Inception meets Stranger Things meets The Golden Child: I’m still only half-way through, and have a fairly tenuous grasp on WTF is happening. In a nutshell: what if we’re all dreaming parts of the same dream? Yeah, like that.
The Handmaid’s Tale
Dystopic view of women in the future (sex robots, more or less) and yet has much to say about life right now. That’s sci fi when it’s done well, right?
Technically, season 2, which was released this year but I watched both S1 & S2 for the first time this year. On paper it’s an exercise in masochism, and yet this story of a woman with cancer whose mother dies suddenly is … uplifting and LOL funny. And terribly sad in places, of course – and then LOL funny. My emotions are all over the place, but I know I like these people.
Not only but also
- Fargo S3. I can’t quite love it, but it is very, very good
- Seinfeld. I’d never seen it before. Now I’ve seen it all and, as a consequence, feel I’ve seen every other sitcom produced since. Ahead of its time and hugely influential.
- Brooklyn Nine-Nine S5 but also 1-4. Holy hell is this well written, cuter than a mofo and hilarious.
- Between Two Ferns (“with Zach Galifianakis”) – toe curling mock-show with guests including Brad Pitt, Barack Obama, Michael Cera and some other nobodies, as Zach would say. And no, not at all from 2017.
Art & Exhibitions
Cathedral of the Pines
Gregory Crewdson at the Photographer’s Gallery, London: like eerie, blown-up film stills from films that don’t exist. Stunning.
Percy Kelly retrospective
Tullie House, Carlisle. Local boy makes good, plus vast illustrations and prints in all kinds of unlikely media.
Detroit: Unbroken Down
Dave Jordano at Side Gallery, Newcastle.
“These individuals demonstrate that Detroit is not the city of death and decay that everyone was reporting in the media, but one that shows signs of human activity and movement,” Jordano says. His photographs are true to that – as hard as they can be to look at.
See more: davejordano.com
More than paint on canvas
- Beyond Caravaggio, National Gallery of Scotland, Edinburgh. Dark and wild though – despite the spoiler in the name – not quite enough Caravaggio for me.
- Turner Collection at Tate Britain, London. Most definitely not ‘of’ 2017 in any sense, but it was on my circuit this year. I’d have asked for Turner’s autograph, I think.

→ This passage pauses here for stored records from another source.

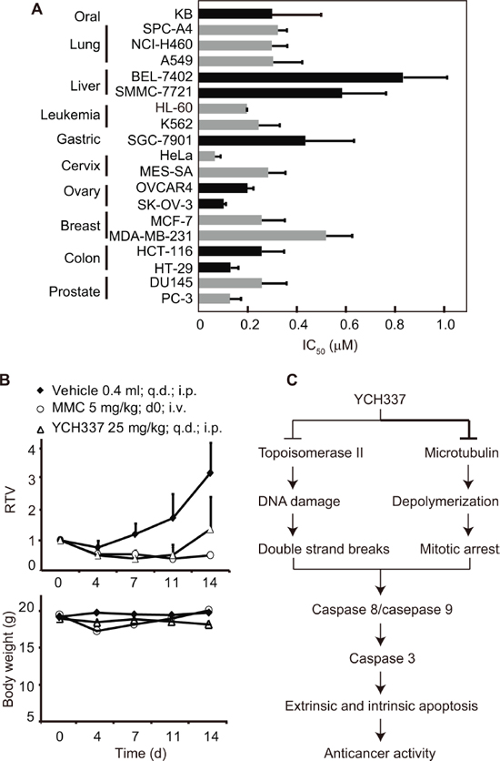 Figure 6: YCH337 inhibits proliferation and growth of human tumor cells in vitro and in vivo. (A) YCH337 exerted potent antiproliferative activity on a panel of cancer cell lines. SRB assays (for solid tumor cells) or luminescent cell viability assays (for leukemia cells) were used to determine the 72-h IC50 values. Data from three independent experiments were expressed as mean ± SD. (B) YCH337 affected the growth of human colon cancer HT-29 xenografts in nude mice (upper) and the body weight of the tested animals (lower). Vehicle, 0.5% carboxymethylcellulose sodium; MMC, mitomycin C; RTV, relative tumor volume. There is statistically significant difference of RTV between the vehicle and YCH337 treatment groups beginning on day 7, P < 0.005. (C) a schematic presentation of possible mechanisms of action of YCH337.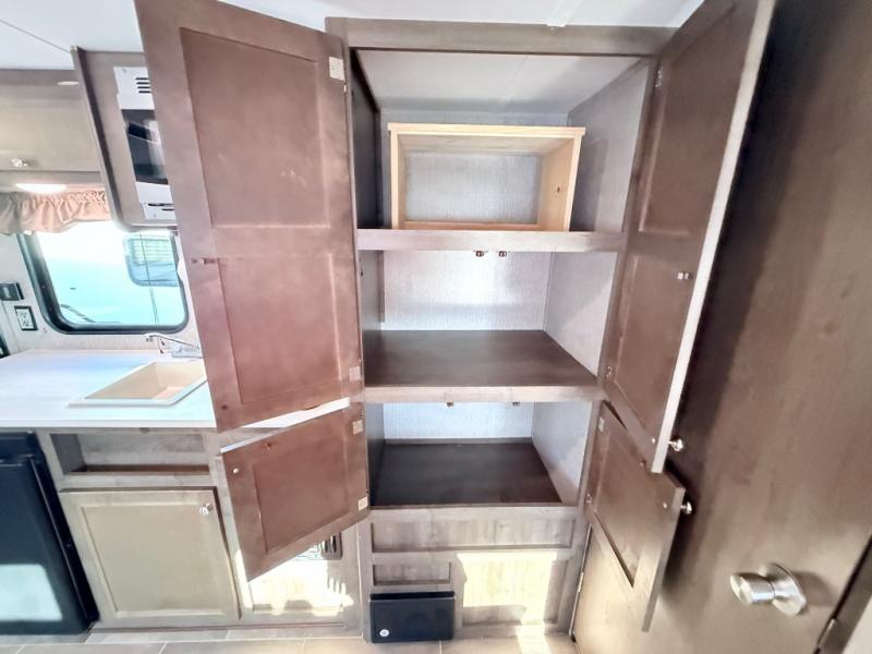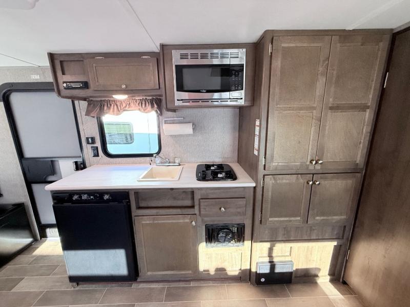 This Coleman Lantern LT travel trailer has just what you need to be comfortable as you explore nature. You will love the generous interior space thanks to the large slide out with two windows that are perfect for viewing your surroundings. When you are finished trail hiking, swimming, or just being outside, you know a shower and comfy queen bed are waiting for you back at camp. A large pantry allows you to take along plenty of snacks and canned goods, plus the two-burner cooktop and microwave allow you to make warm meals. You will find storage throughout the inside, plus exterior pass-through storage compartment for your larger outdoor gear.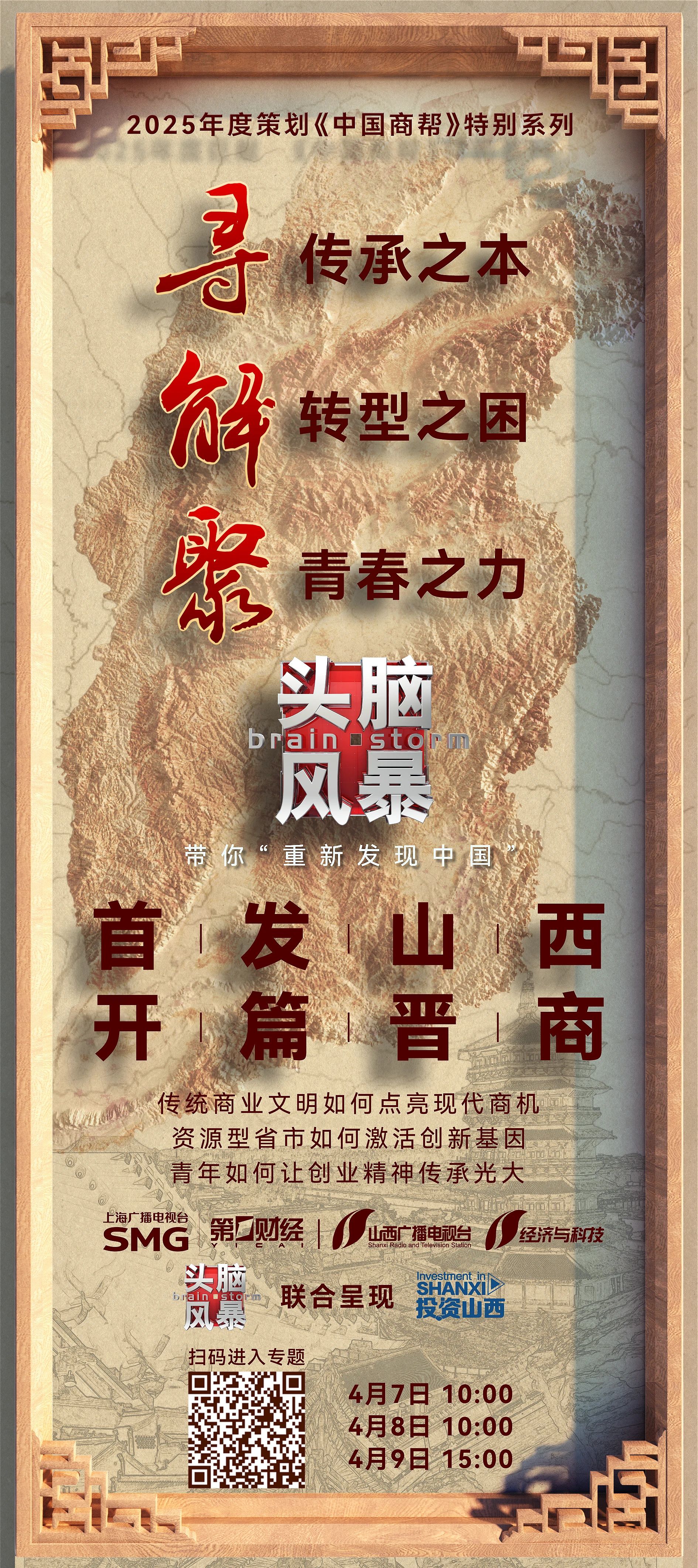 在“中国商帮之晋商篇”中,《头脑风暴》将开辟“历史纵深”与“产业前瞻”的双重解读空间;发起“寻传承之本”“解转型之困”“聚青年之力”三大硬核命题;邀请山西当地领军企业、权威专家、优秀青年创业者等共同探讨:传统商业智慧如何点亮现代商机?资源型省市如何激活创新基因?山西新青年如何开创商业新版图?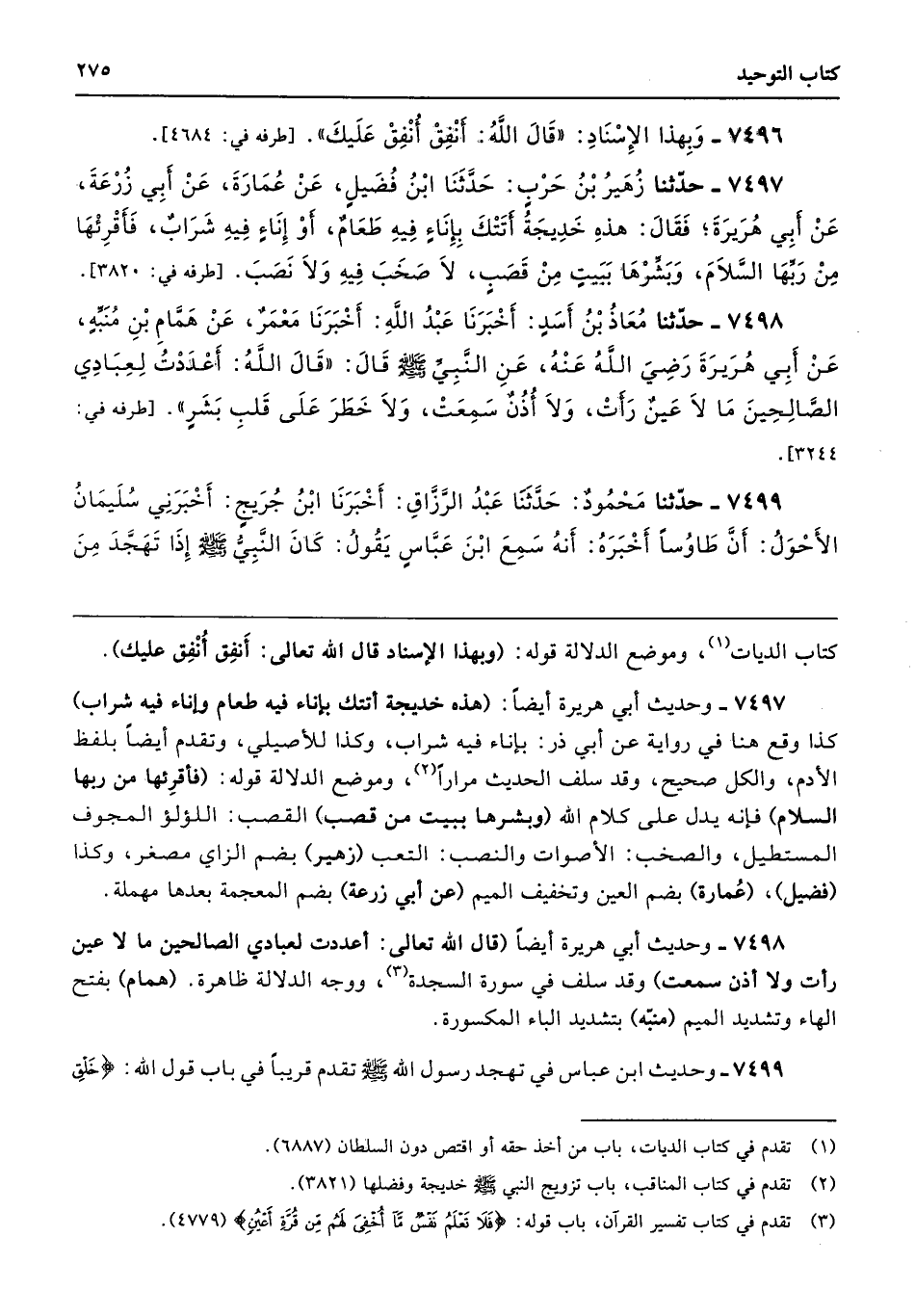 7498 - حَدَّثَنَا مُعَاذُ بْنُ أَسَدٍ أَخْبَرَنَا عَبْدُ اللَّهِ أَخْبَرَنَا مَعْمَرٌ عَنْ هَمَّامِ بْنِ مُنَبِّهٍ عَنْ أَبِى هُرَيْرَةَ - رضى الله عنه - عَنِ النَّبِيِّ - صلى الله عليه وسلم - قَالَ «قَالَ اللَّهُ أَعْدَدْتُ لِعِبَادِى الصَّالِحِينَ مَا لاَ عَيْنٌ رَأَتْ، وَلاَ أُذُنٌ سَمِعَتْ، وَلاَ خَطَرَ عَلَى قَلْبِ بَشَرٍ». طرفه 3244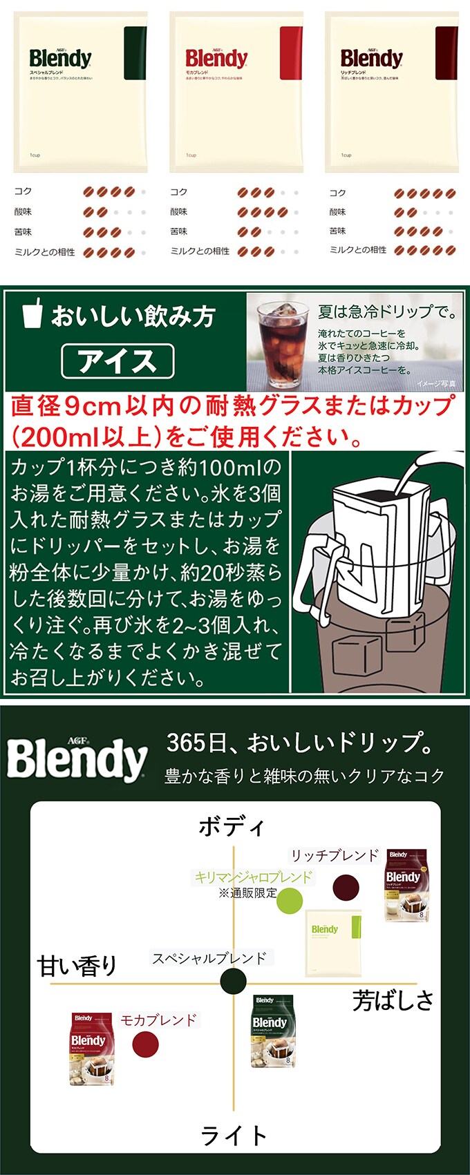 3種類の味わいが楽しめる、「ブレンディ」ドリップコーヒーのアソートタイプ、オフィスやご自宅でたくさん消費される方に最適なドリップコーヒーのお得な大容量サイズです。1杯1杯がいつも新鮮な個包装タイプ。開封したとき、淹れているとき、そして飲むとき。「ブレンディ」 ドリップパックは様々な段階のコーヒーの香りで、あなたのリラックスタイムを一層豊かに演出します。アソートだから気分に合わせてバラエティ豊かなコーヒーをお楽しみにいただけます。コーヒー豆の焙煎から充填まで国内の工場で生産しています。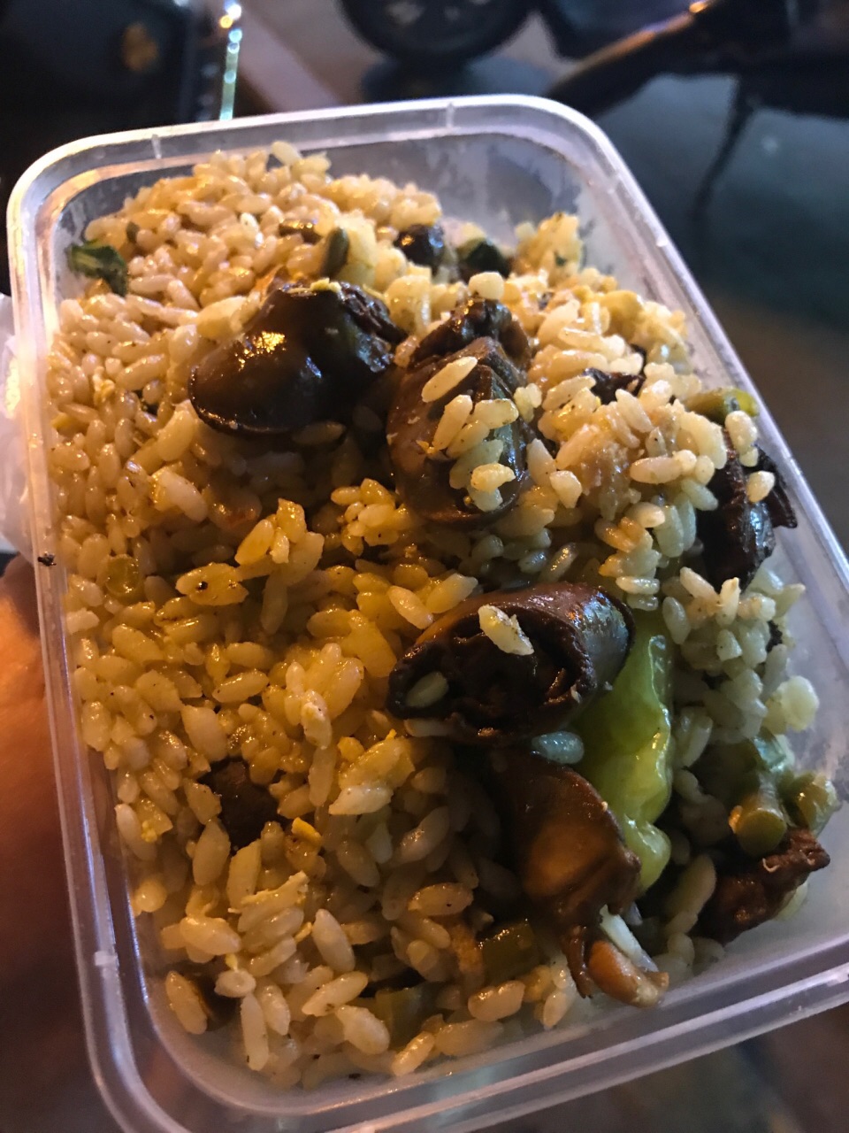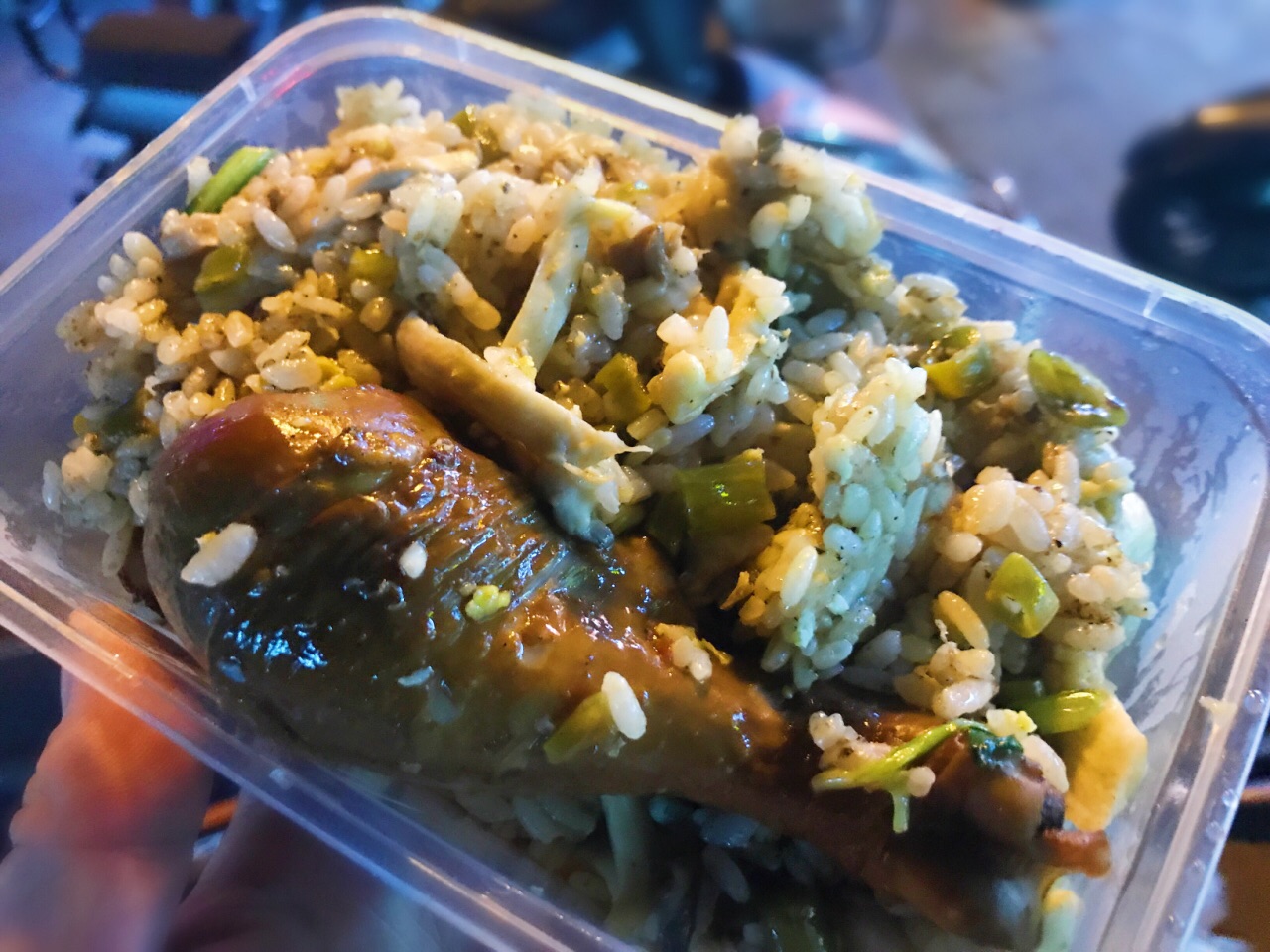 不敢吃内脏,所以选择了鸡腿,一份炒饭满满当当盛在饭盒里,在深夜,加上站立的姿势,满足感油然而生...

- Lowthermere at C-Art Festival, Rheghed Centre, Penrith. Arguably exploitation art-theatre and, frankly, a bizarre and terrifying experience of the Jeremy Beadle variety. I still can’t talk about it.
- Any kind of short (or long) art film offered as part of a static exhibition, and of which I have seen too many this year to name. If you held a gun to my head, I’d probably recall The Bloomberg New Contemporaries 2017 (BALTIC, Gateshead), and anything at The Whitechapel Gallery, London, but then I’d get zen and tell you that violence solves nothing.
Forgive me, Father, for I have not read many books this year – but in any case, I don’t believe I’ve read much published this side of modernity.
- Carl Sagan’s Cosmos – or, the meaning of life in a chunky nutshell.
- My (very slowly growing) collection of Penguin Mini Modern Classics has this year included A Short Treatise on the Joys of Morphinism, by Hans Fallada. Fallaluia!
- The Etymologican and The Elements of Eloquence, by Mark Foster – delightful word histories for word delighters.
- Never Let Me Go, by Ishiguro – who surely only needs a surname, so adept is he (though this isn’t actually one of his favourites for me).